### Given entries
►

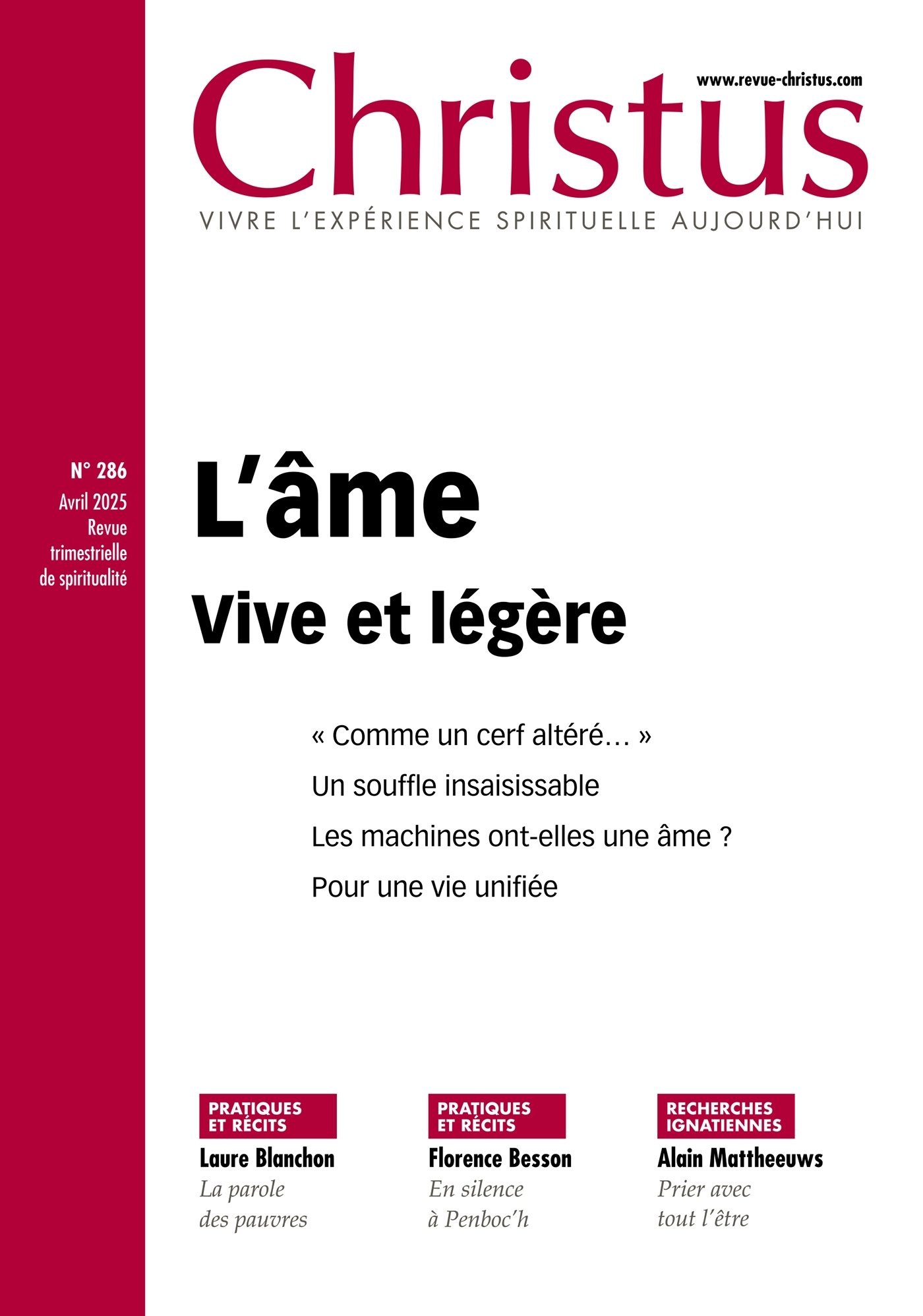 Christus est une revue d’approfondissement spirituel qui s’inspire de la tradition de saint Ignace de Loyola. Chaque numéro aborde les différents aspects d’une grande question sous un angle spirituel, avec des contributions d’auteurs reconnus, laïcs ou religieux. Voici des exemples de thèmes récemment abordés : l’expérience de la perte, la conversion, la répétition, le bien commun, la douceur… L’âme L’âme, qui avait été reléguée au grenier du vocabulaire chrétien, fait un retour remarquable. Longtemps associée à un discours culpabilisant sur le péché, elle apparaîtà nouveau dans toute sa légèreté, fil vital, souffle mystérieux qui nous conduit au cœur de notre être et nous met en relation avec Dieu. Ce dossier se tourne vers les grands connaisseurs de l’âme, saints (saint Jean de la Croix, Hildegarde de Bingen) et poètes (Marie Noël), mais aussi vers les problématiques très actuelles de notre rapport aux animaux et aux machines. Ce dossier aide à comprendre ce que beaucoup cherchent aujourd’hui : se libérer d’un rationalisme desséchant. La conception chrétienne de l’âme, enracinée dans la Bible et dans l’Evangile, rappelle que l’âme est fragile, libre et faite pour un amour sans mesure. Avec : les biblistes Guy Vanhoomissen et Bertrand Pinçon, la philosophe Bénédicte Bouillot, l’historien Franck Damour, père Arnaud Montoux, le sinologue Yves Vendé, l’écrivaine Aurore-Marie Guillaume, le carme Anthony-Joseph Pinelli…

◄
►

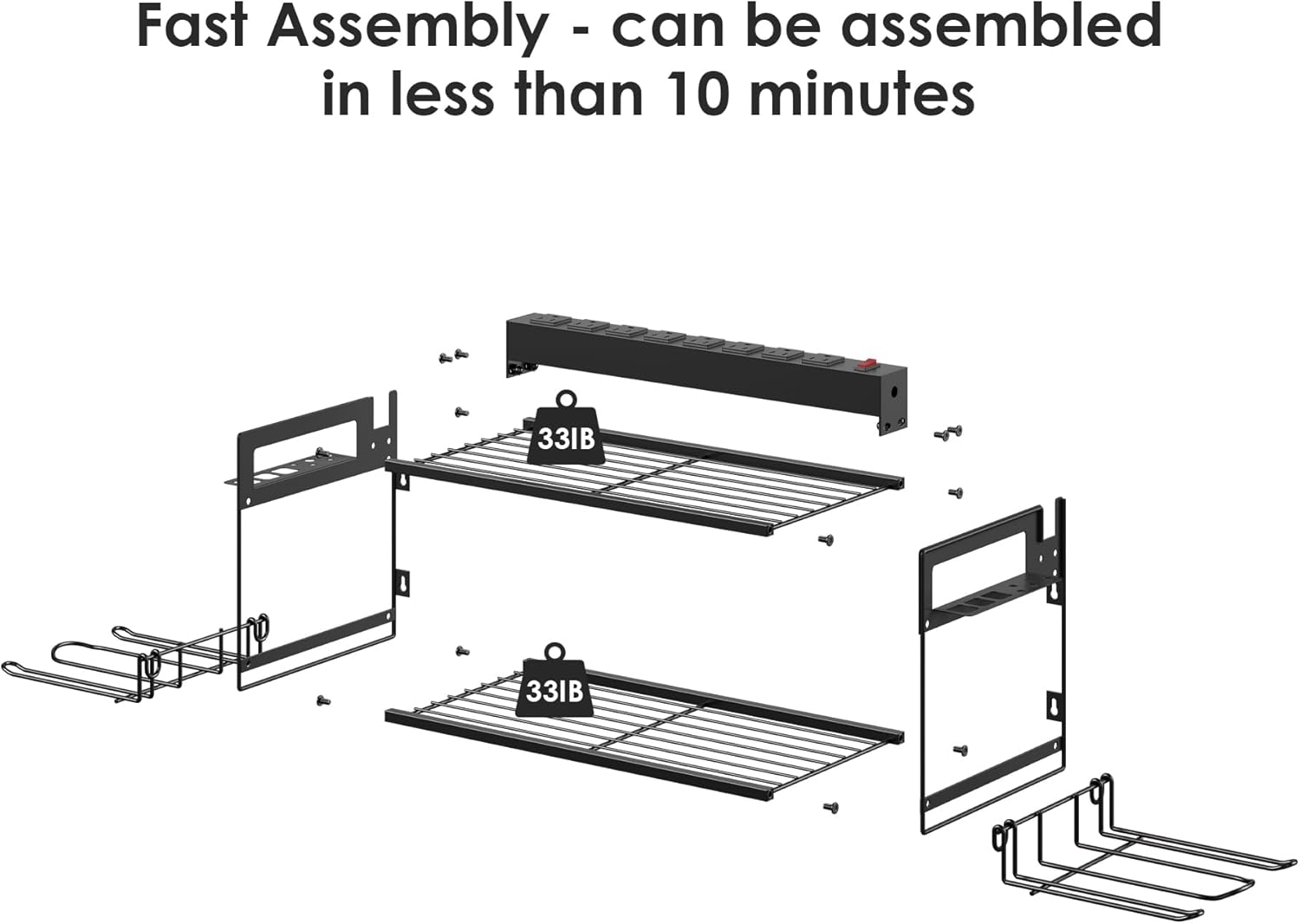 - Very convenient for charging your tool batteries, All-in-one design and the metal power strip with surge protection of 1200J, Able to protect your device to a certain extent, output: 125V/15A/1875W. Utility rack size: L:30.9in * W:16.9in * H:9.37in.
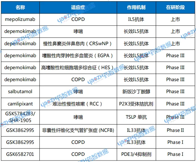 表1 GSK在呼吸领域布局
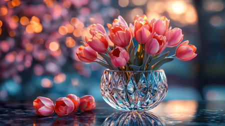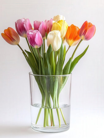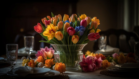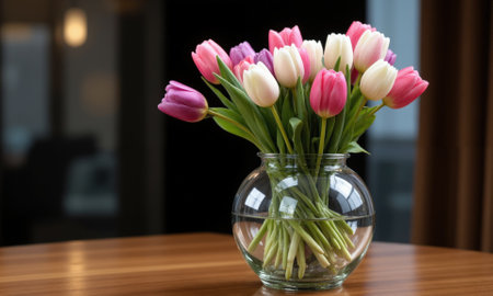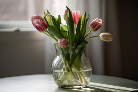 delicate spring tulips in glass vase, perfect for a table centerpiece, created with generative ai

◄

### Goal of the exercise
Only the lines starting at the one with "- Very convenient" and ending at the one with "delicate spring tulips" should be printed, each exactly as it appears in the material above; the pictures are to be omitted.

### Answer space
 - Very convenient for charging your tool batteries, All-in-one design and the metal power strip with surge protection of 1200J, Able to protect your device to a certain extent, output: 125V/15A/1875W. Utility rack size: L:30.9in * W:16.9in * H:9.37in.
 表1 GSK在呼吸领域布局
 delicate spring tulips in glass vase, perfect for a table centerpiece, created with generative ai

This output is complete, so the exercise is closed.